**DATA TO USE:**

----

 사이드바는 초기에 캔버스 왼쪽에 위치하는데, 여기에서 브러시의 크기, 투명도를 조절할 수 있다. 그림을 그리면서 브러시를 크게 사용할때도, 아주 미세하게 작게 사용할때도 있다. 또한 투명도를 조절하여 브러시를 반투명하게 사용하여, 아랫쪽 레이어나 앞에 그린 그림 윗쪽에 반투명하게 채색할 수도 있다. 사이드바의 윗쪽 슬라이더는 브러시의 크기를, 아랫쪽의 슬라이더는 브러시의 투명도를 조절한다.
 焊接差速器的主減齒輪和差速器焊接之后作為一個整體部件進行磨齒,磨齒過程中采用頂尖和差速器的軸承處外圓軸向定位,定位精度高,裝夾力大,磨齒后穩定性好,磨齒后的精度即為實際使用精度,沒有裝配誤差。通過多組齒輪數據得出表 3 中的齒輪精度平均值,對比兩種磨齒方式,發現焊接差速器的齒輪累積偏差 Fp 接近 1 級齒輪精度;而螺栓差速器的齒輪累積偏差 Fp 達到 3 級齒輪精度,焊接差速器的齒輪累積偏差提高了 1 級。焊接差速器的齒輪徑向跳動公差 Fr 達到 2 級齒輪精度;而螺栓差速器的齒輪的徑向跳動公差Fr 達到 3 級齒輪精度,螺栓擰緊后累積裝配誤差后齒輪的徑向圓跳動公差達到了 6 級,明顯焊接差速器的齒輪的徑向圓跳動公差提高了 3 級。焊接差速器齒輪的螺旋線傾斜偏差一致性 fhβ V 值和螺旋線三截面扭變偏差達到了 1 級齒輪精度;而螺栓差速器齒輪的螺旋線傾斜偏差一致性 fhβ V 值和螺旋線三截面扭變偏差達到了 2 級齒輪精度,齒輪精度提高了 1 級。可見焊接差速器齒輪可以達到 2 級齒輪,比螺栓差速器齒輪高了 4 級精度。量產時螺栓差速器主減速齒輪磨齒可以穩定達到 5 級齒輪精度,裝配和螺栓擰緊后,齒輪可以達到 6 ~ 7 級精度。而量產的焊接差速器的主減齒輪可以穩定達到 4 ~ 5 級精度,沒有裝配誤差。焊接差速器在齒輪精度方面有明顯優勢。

----

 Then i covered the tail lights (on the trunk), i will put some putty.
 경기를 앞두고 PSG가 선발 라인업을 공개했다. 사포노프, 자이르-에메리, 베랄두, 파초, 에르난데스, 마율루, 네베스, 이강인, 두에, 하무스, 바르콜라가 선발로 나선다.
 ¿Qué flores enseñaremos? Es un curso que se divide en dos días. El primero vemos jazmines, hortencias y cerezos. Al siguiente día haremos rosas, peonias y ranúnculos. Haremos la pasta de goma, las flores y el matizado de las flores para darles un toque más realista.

----

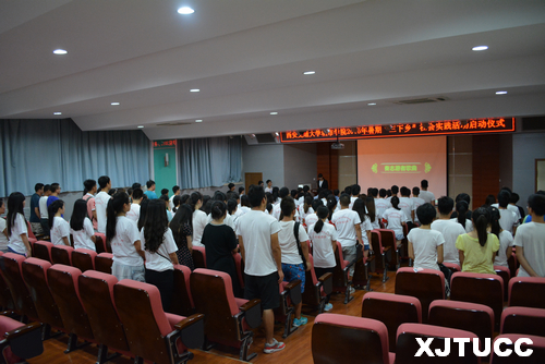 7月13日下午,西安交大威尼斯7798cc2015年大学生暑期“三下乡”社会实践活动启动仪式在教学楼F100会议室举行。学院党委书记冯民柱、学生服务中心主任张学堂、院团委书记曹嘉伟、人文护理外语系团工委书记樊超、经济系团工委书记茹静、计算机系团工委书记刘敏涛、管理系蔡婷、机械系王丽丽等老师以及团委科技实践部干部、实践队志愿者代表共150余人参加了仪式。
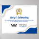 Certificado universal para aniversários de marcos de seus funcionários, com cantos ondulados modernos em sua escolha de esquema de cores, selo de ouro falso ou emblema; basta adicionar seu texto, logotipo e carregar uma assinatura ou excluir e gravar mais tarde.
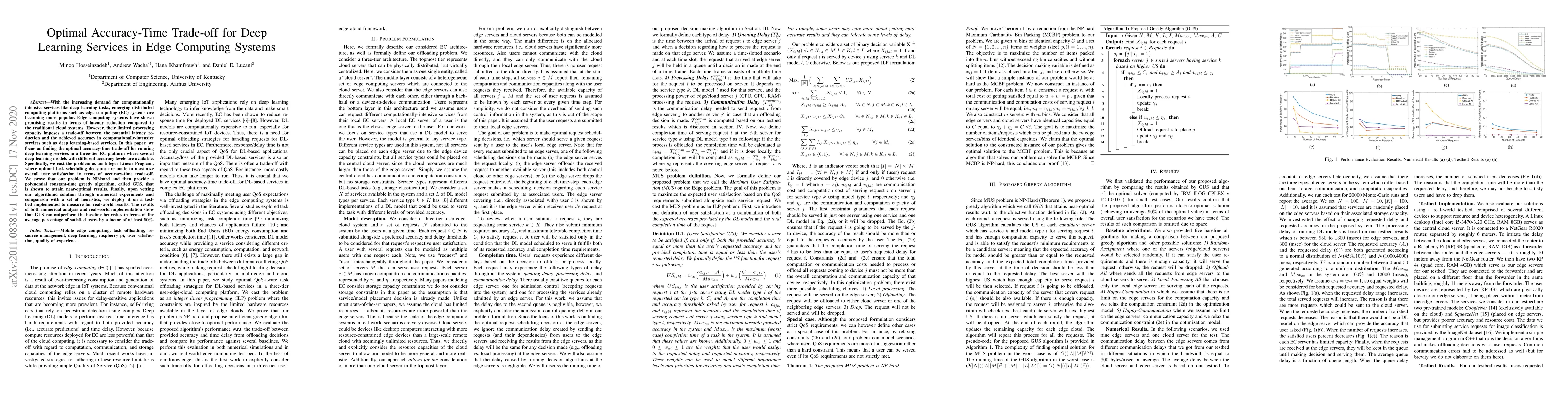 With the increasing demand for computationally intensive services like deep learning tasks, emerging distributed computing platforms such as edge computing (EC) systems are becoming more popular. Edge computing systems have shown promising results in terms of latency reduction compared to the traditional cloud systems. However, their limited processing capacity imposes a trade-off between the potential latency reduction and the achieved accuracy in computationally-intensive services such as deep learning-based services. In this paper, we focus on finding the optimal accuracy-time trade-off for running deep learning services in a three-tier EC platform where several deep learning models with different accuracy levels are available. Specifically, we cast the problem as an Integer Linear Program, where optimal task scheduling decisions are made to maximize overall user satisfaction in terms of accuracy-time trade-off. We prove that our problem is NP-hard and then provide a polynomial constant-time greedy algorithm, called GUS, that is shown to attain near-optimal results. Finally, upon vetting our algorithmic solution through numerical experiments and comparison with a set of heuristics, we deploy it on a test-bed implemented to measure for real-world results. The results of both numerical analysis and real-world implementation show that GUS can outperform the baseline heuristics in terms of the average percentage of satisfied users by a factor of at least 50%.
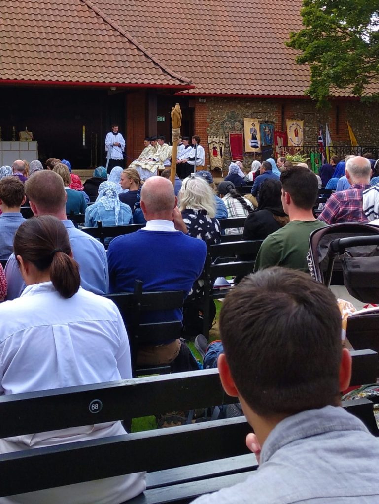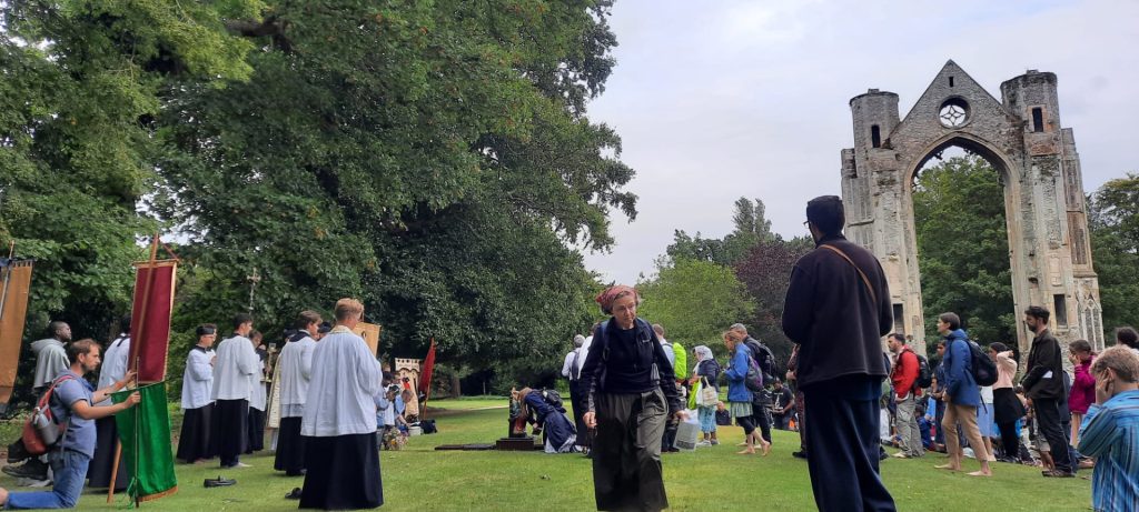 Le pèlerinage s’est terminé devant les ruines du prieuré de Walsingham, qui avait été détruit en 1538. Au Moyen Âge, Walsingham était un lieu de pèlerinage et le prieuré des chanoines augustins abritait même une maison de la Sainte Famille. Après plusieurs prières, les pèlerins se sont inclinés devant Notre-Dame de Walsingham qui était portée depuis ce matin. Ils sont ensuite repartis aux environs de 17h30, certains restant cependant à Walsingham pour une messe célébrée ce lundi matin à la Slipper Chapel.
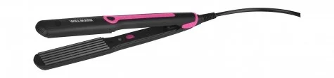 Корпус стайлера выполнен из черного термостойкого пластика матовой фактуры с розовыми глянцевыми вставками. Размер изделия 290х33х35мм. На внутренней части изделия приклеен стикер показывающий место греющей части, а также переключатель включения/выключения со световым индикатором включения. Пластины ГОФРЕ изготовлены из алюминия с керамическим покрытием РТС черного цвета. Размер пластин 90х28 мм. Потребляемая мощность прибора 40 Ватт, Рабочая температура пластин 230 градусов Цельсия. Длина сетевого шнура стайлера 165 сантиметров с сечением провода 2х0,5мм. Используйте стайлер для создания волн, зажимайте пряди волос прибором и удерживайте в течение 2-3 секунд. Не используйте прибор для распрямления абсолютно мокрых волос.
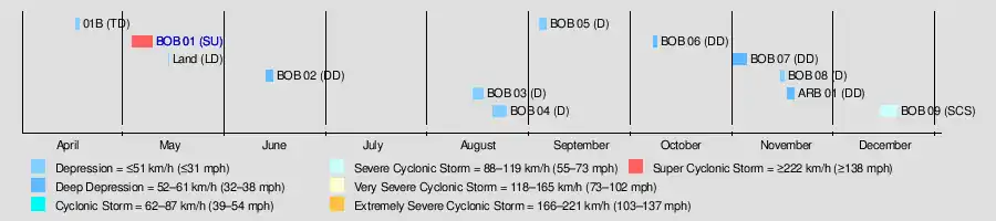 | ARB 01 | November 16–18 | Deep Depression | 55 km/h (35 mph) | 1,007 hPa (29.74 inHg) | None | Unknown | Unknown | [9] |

----

**TASK PROMPT:** All that belongs in your answer is the stretch of entries above from the line with "경기를 앞두고 PSG가" through the line with "toque más realista.", printed exactly.

**OUTPUT BELOW:**
 경기를 앞두고 PSG가 선발 라인업을 공개했다. 사포노프, 자이르-에메리, 베랄두, 파초, 에르난데스, 마율루, 네베스, 이강인, 두에, 하무스, 바르콜라가 선발로 나선다.
 ¿Qué flores enseñaremos? Es un curso que se divide en dos días. El primero vemos jazmines, hortencias y cerezos. Al siguiente día haremos rosas, peonias y ranúnculos. Haremos la pasta de goma, las flores y el matizado de las flores para darles un toque más realista.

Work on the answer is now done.